The IUCN drew heavily from the 50-year-old British Fauna
and Flora Preservation Society (FFPS) for its leadership,
funding and its members. Sir Peter Scott, FFPS Chairman,
drafted the IUCN Charter and headed one of its important
Commissions. This important non-governmental organization
(NGO) was instrumental in the formation of the World
Wildlife Fund (WWF) in 1961 and the World Resources
Institute (WRI) in 1982. These three NGOs are to the
United Nations System what the CFR was to Franklin
Roosevelt, or what Edward House was to Woodrow Wilson.

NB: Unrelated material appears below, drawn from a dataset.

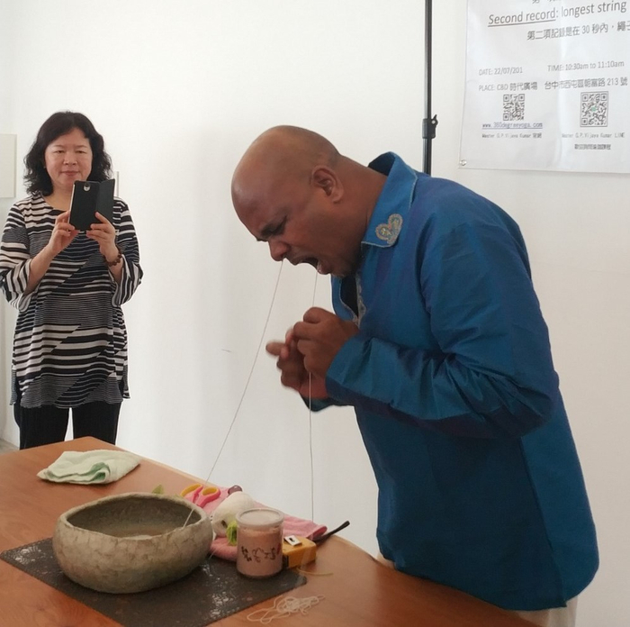 据台湾“联合报”7月22日报道,来自印度的卫杰自幼学习瑜伽,他今天(22日)挑战2项吉尼斯世界纪录,将棉绳自鼻进口出以及口进鼻出,记录通过的绳长,主办单位全程录像,将送吉尼斯世界纪录管理团队审核。

These three NGOs have become the driving force behind the
rise of global governance.
The Cold War
(1950-1970)
The dream of world
dominance is not, nor has it ever been, the pursuit by an
exclusive cadre of conspirators. The dream has been held
by many different factions -- often simultaneously --
always in competition with one another. By 1950, at least
three major forces -- all competing for world dominance
-- were clearly identified. Each of the three major
forces worked overtly and covertly to achieve their
objectives.
The Soviet Union had clearly defined its
Marx/Lenin/Stalin version of Communism. Its systematic
program of expansionism -- including an active
organization in the United States -- fully intended to
bring all the world under its control. So confident were
the Soviets of their eventual success that, on his 1959
tour of the U.S., Nikita Kruschchev pounded his shoe on a
podium before the television cameras and declared to
America "We will bury you!"
America would have no part of a world under Communist
rule. Senator Joseph McCarthy led a crusade against
Communists in America. His campaign tarnished many
non-communists but was successful in rooting out Alger
Hiss, Julius and Ethel Rosenberg, and Morton Sobell, all
convicted of espionage-related crimes. (Because of the
statute of limitations, Hiss could not be tried for
espionage but was convicted of perjury for lying about
his espionage activities.) 23
More importantly, the televised McCarthy hearings
awakened America to the "Communist threat," and
when U.S. troops entered Korea to fight the communists,
support for the Communist Party USA diminished steadily
from a high of more than 100,000 members to its current
low of about 1000 members.24 American leaders did not
pound their shoes, nor proclaim a program of world
dominance. American foreign and economic policy, however,
left no doubt that at the very least, America intended to
prevent the Soviets from achieving world dominance.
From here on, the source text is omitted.